*** Opening of DATA ***

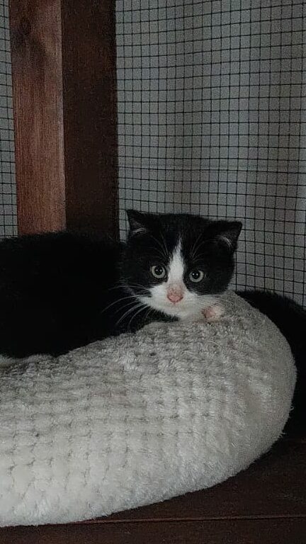 Mistral est un petit mâle noir et blanc de 2 mois et demi mois que nous avons pris en charge suite à un abandon avec ses frères et soeurs.
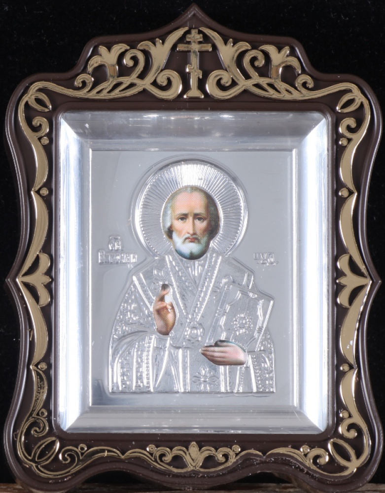 Икона в пластмассовой рамке Киот 6х7 резной металлизированный с ризой Николай Чудотворец
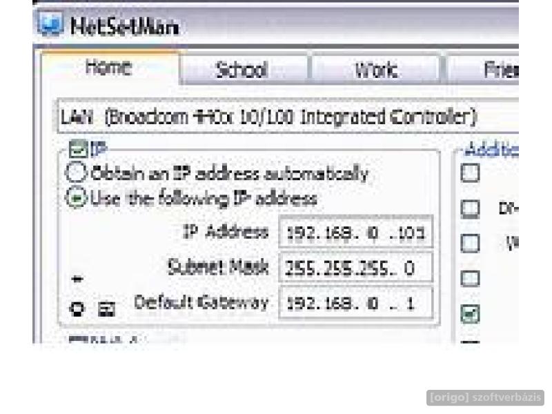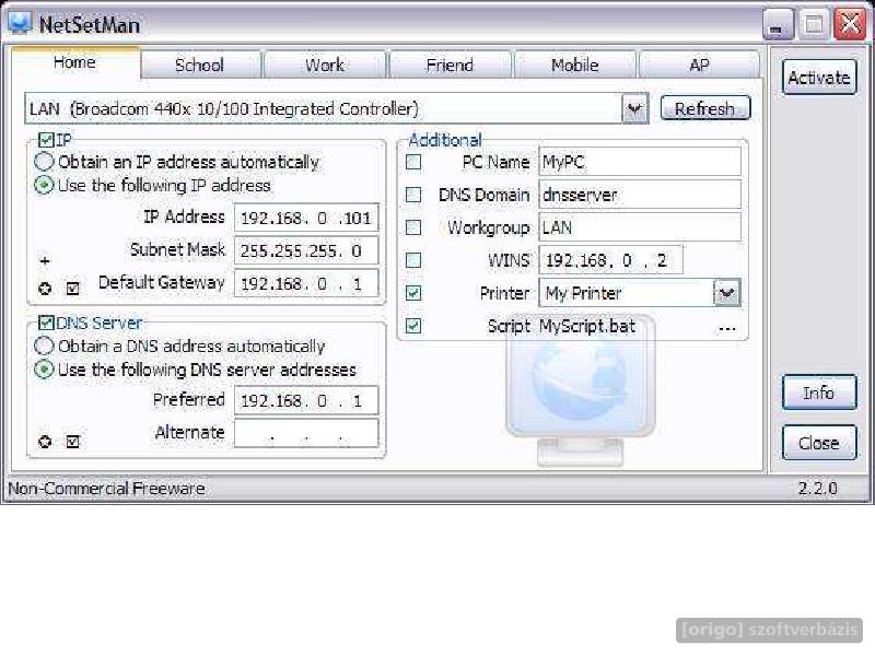Hálózati beállítások módosítása, menedzselése lehetséges az ingyenes szoftverrel. A program hat beállítási lehetőséget biztosít: IP Address, Subnet Mask, Default Gateway, Preferred & Alternate DNS Server, Computer Name, Workgroup, DNS Domain, WINS Server, Default Printer, Run Scripts .
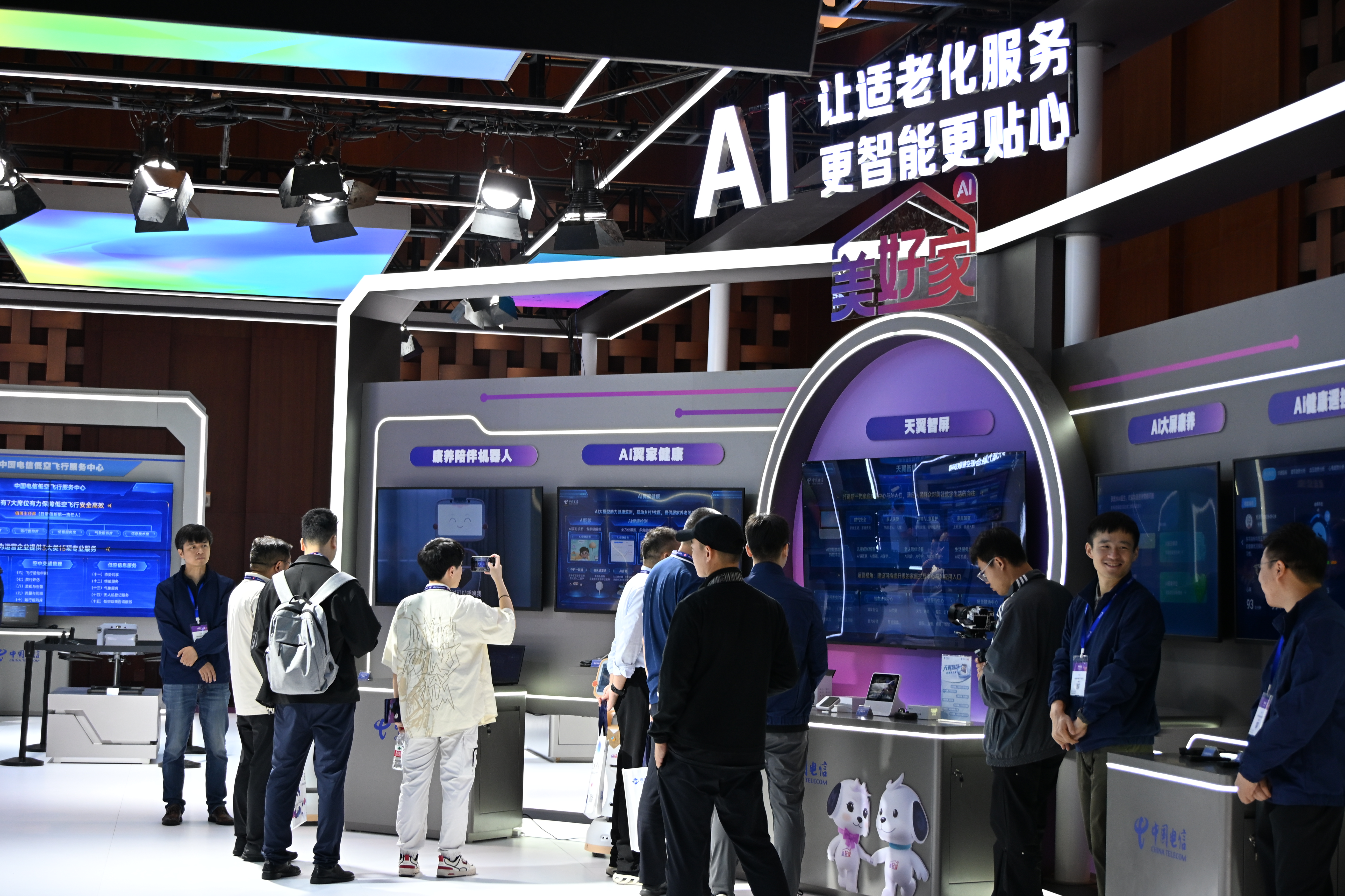在展会现场,通过5G-A、6G等新一代网络技术的实时演示,同学们切身感受到通信速率与连接稳定性的跨越式提升;卫星互联网终端的互动操作,让“空天地”一体化通信网络从课本理论转化为可触可感的实体;在中国电信等头部企业展台,低空飞行作业平台在城市应急救援中的模拟应用、康养陪伴机器人的智能交互服务等场景,生动诠释了通信技术在民生服务、应急保障等领域的深度落地成果。通过现场讲解和互动操作,同学们进一步巩固了理论知识,感受到科技赋能生活的巨大潜力。展会期间,同学们积极参与展商交流,聆听行业报告,进一步明晰了个人学术科研与职业发展方向。
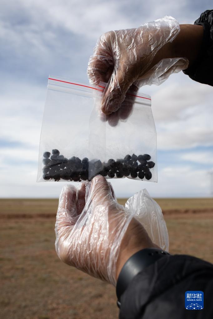 6月15日,中國科學(xué)院西北高原生物研究所王東向記者展示剛采集的藏羚羊新鮮糞便樣本。
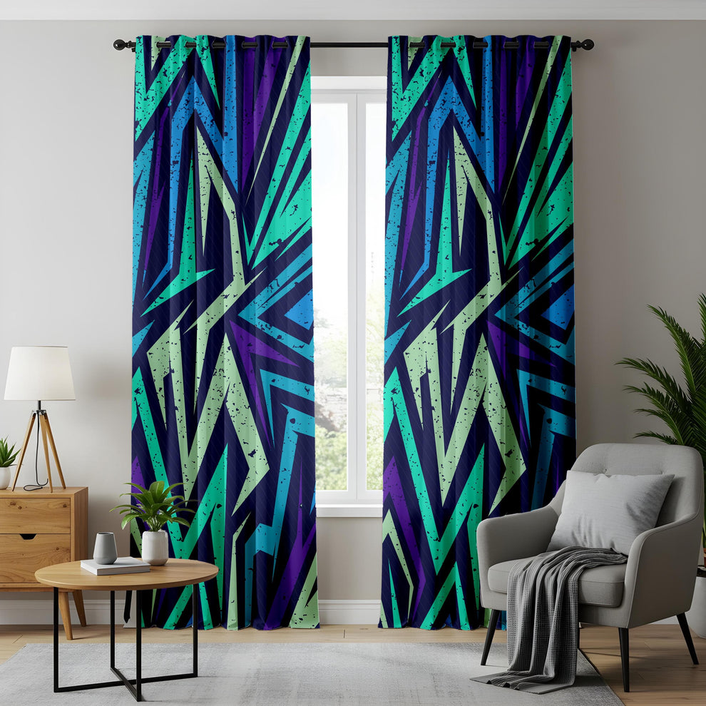 Neon Zigzag Curtains – Urban Graffiti Geometric Drapes

*** Close of DATA ***

* **WHAT THIS TASK INVOLVES**: Transcribe all records verbatim, no pictures.

* **EXPECTED OUTPUT**:
 Mistral est un petit mâle noir et blanc de 2 mois et demi mois que nous avons pris en charge suite à un abandon avec ses frères et soeurs.
 Икона в пластмассовой рамке Киот 6х7 резной металлизированный с ризой Николай Чудотворец
Hálózati beállítások módosítása, menedzselése lehetséges az ingyenes szoftverrel. A program hat beállítási lehetőséget biztosít: IP Address, Subnet Mask, Default Gateway, Preferred & Alternate DNS Server, Computer Name, Workgroup, DNS Domain, WINS Server, Default Printer, Run Scripts .
在展会现场,通过5G-A、6G等新一代网络技术的实时演示,同学们切身感受到通信速率与连接稳定性的跨越式提升;卫星互联网终端的互动操作,让“空天地”一体化通信网络从课本理论转化为可触可感的实体;在中国电信等头部企业展台,低空飞行作业平台在城市应急救援中的模拟应用、康养陪伴机器人的智能交互服务等场景,生动诠释了通信技术在民生服务、应急保障等领域的深度落地成果。通过现场讲解和互动操作,同学们进一步巩固了理论知识,感受到科技赋能生活的巨大潜力。展会期间,同学们积极参与展商交流,聆听行业报告,进一步明晰了个人学术科研与职业发展方向。
 6月15日,中國科學(xué)院西北高原生物研究所王東向記者展示剛采集的藏羚羊新鮮糞便樣本。
 Neon Zigzag Curtains – Urban Graffiti Geometric Drapes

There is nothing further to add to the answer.